### Task description
Leave out the images; return the rest of the data exactly.

### Entries shown
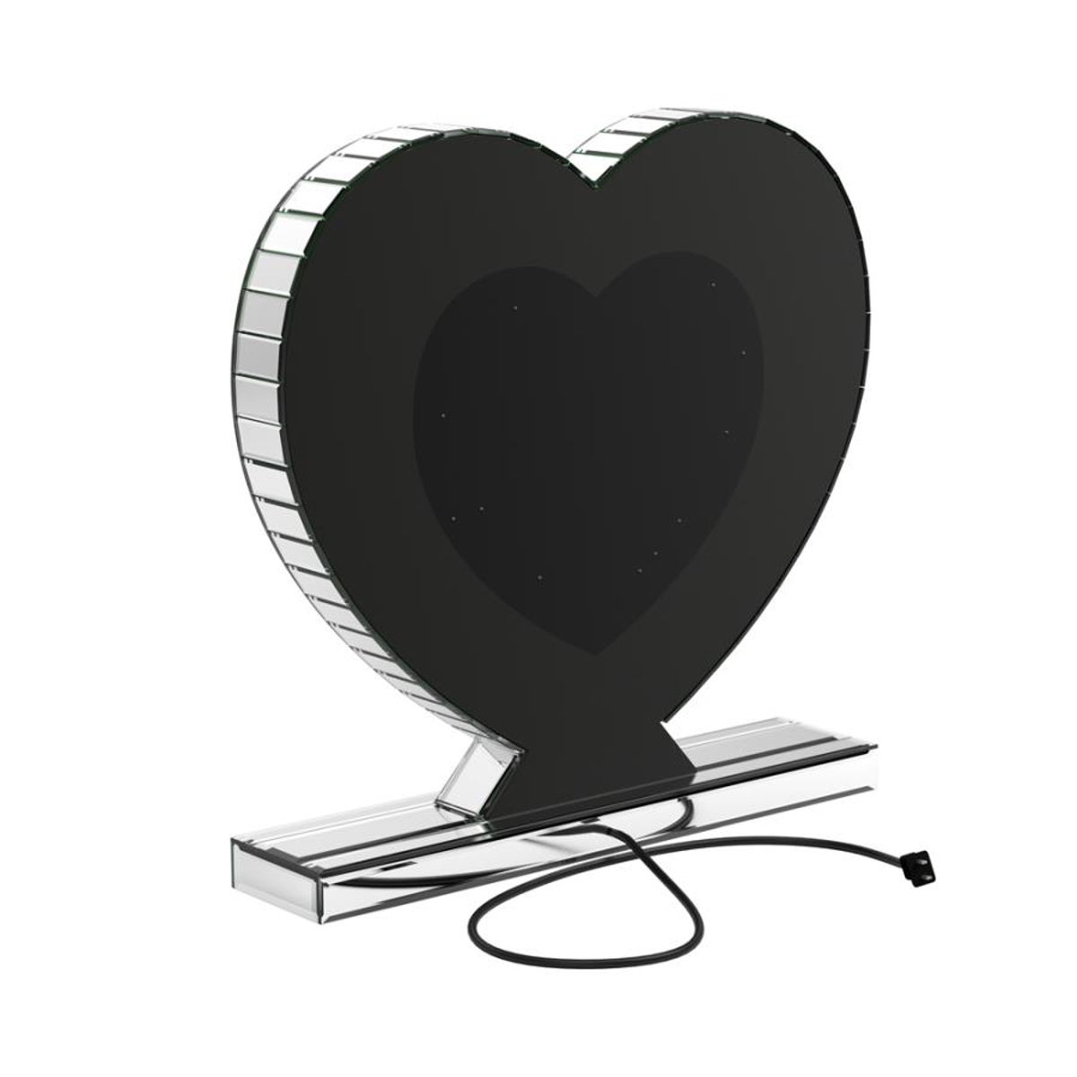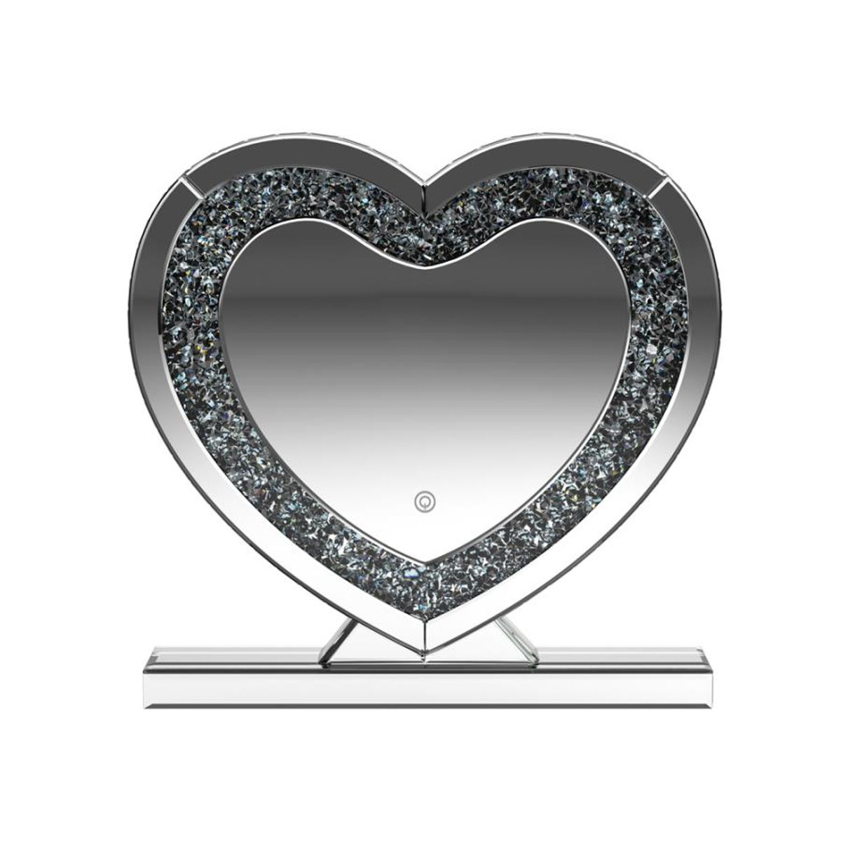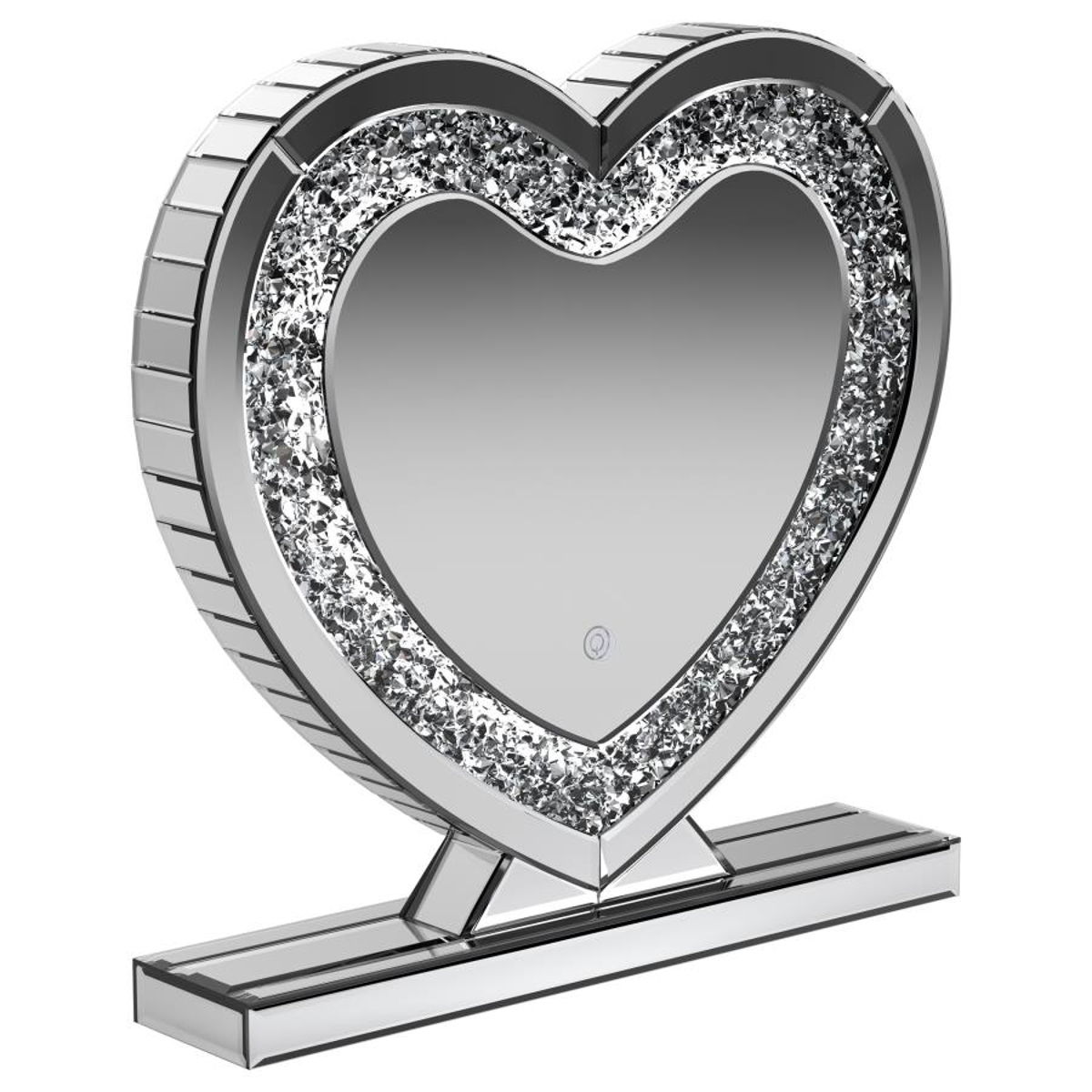 Draw attention to a heart motif with this whimsical table mirror. The heart shape mirror features a silver frame and stand for displaying on a table or shelf. This accent mirror provides sculptural depth when displayed on a bookcase along with other keepsakes. The clear mirrored surface adds a dimensional element that draws the eye. This contemporary mirror could also serve as an artsy accent on a dresser or nightstand.
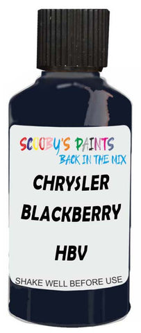 Professionally mixed touch-up paint matched to Chrysler factory colour Hbv – Blackberry Pearl for model years 2010–2016. Ideal for repairing stone chips, light scratches and minor blemishes while helping to prevent corrosion.
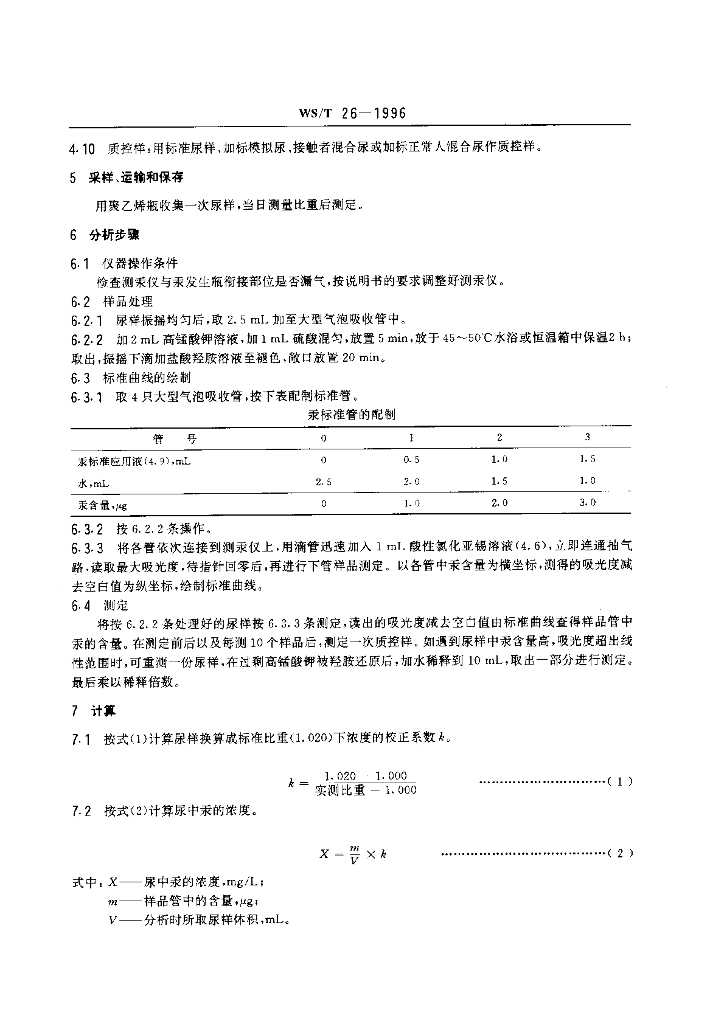 WS/T 26-1996 尿中汞的冷原子吸收光谱测定方法 (二)酸性氯化亚锡还原法
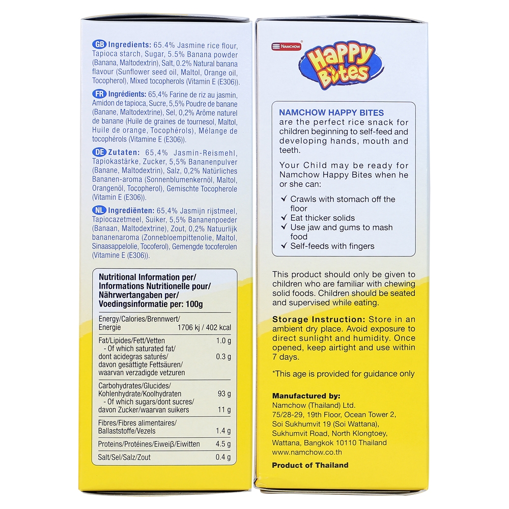 Bột gạo jasmine 65.4%, tinh bột bắp, bột chuối 5.5%, muối, đường, hương vị chuối tự nhiên 0.2% (dầu hạt hướng dương, maltol, dầu cam, tocopherol), mixed tocopherols (vitamin e (e306))
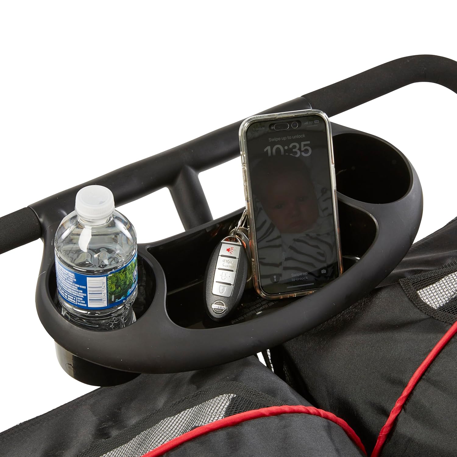 EXTRA STORAGE: Include one parent tray with two drink holders, removable child trays with dual cup and juice box holder. Two large and easy to access storage basket holds all baby’s necessities
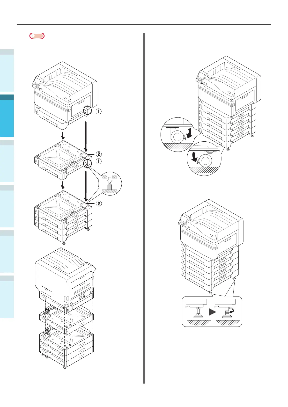 unit with casters, adjust the caster locks (x2) and feet (x2).
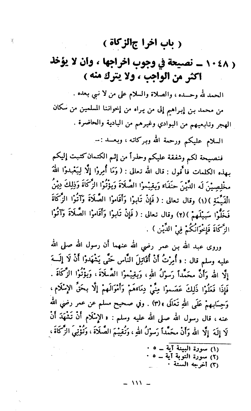 فنصيحة لكم وشفقة عليكم وحذراً من إثم الكتمان كتبت إليكم بهذه الكلمات فأقول: قال الله تعالى: (وما أمروا إلا ليعبدوا الله مخلصين له الدين حنفاء ويقيموا الصلاة ويؤتوا الزكاة وذلك دين القيمة) (¬1) وقال تعالى (فإن تابو وأقاموا الصلاة وآتوا الزكاة فخلوا سبيلهم) (¬2) وقال تعالى: (فإن تابوا وأقاموا الصلاة وآتوا الزكاة فأخوانكم في الدين) .

### Answer space
 Draw attention to a heart motif with this whimsical table mirror. The heart shape mirror features a silver frame and stand for displaying on a table or shelf. This accent mirror provides sculptural depth when displayed on a bookcase along with other keepsakes. The clear mirrored surface adds a dimensional element that draws the eye. This contemporary mirror could also serve as an artsy accent on a dresser or nightstand.
 Professionally mixed touch-up paint matched to Chrysler factory colour Hbv – Blackberry Pearl for model years 2010–2016. Ideal for repairing stone chips, light scratches and minor blemishes while helping to prevent corrosion.
 WS/T 26-1996 尿中汞的冷原子吸收光谱测定方法 (二)酸性氯化亚锡还原法
 Bột gạo jasmine 65.4%, tinh bột bắp, bột chuối 5.5%, muối, đường, hương vị chuối tự nhiên 0.2% (dầu hạt hướng dương, maltol, dầu cam, tocopherol), mixed tocopherols (vitamin e (e306))
 EXTRA STORAGE: Include one parent tray with two drink holders, removable child trays with dual cup and juice box holder. Two large and easy to access storage basket holds all baby’s necessities
 unit with casters, adjust the caster locks (x2) and feet (x2).
 فنصيحة لكم وشفقة عليكم وحذراً من إثم الكتمان كتبت إليكم بهذه الكلمات فأقول: قال الله تعالى: (وما أمروا إلا ليعبدوا الله مخلصين له الدين حنفاء ويقيموا الصلاة ويؤتوا الزكاة وذلك دين القيمة) (¬1) وقال تعالى (فإن تابو وأقاموا الصلاة وآتوا الزكاة فخلوا سبيلهم) (¬2) وقال تعالى: (فإن تابوا وأقاموا الصلاة وآتوا الزكاة فأخوانكم في الدين) .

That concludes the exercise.